WHAT TO WORK ON: Leave out the pictures and restate the rest of the data exactly.

INFORMATION SHOWN:
Start of Block

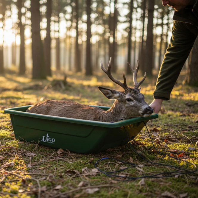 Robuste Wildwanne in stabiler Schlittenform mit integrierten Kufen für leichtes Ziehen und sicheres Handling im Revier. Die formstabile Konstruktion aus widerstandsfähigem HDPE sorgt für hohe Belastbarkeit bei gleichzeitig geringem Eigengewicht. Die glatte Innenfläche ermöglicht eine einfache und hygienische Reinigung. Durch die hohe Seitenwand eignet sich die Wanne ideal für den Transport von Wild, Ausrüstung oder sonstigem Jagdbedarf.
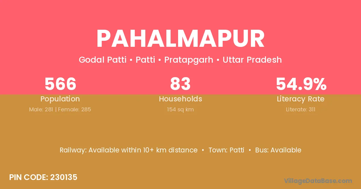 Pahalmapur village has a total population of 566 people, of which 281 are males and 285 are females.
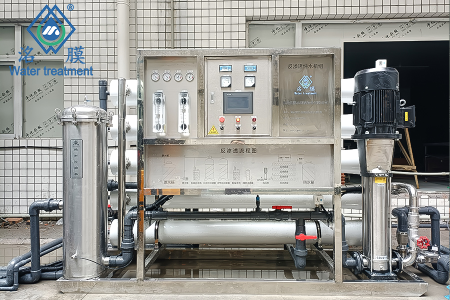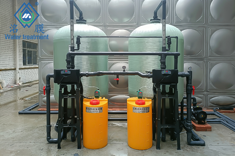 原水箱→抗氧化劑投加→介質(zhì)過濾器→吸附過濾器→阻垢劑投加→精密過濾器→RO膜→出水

End of Block

RESPONSE BELOW:
 Robuste Wildwanne in stabiler Schlittenform mit integrierten Kufen für leichtes Ziehen und sicheres Handling im Revier. Die formstabile Konstruktion aus widerstandsfähigem HDPE sorgt für hohe Belastbarkeit bei gleichzeitig geringem Eigengewicht. Die glatte Innenfläche ermöglicht eine einfache und hygienische Reinigung. Durch die hohe Seitenwand eignet sich die Wanne ideal für den Transport von Wild, Ausrüstung oder sonstigem Jagdbedarf.
 Pahalmapur village has a total population of 566 people, of which 281 are males and 285 are females.
 原水箱→抗氧化劑投加→介質(zhì)過濾器→吸附過濾器→阻垢劑投加→精密過濾器→RO膜→出水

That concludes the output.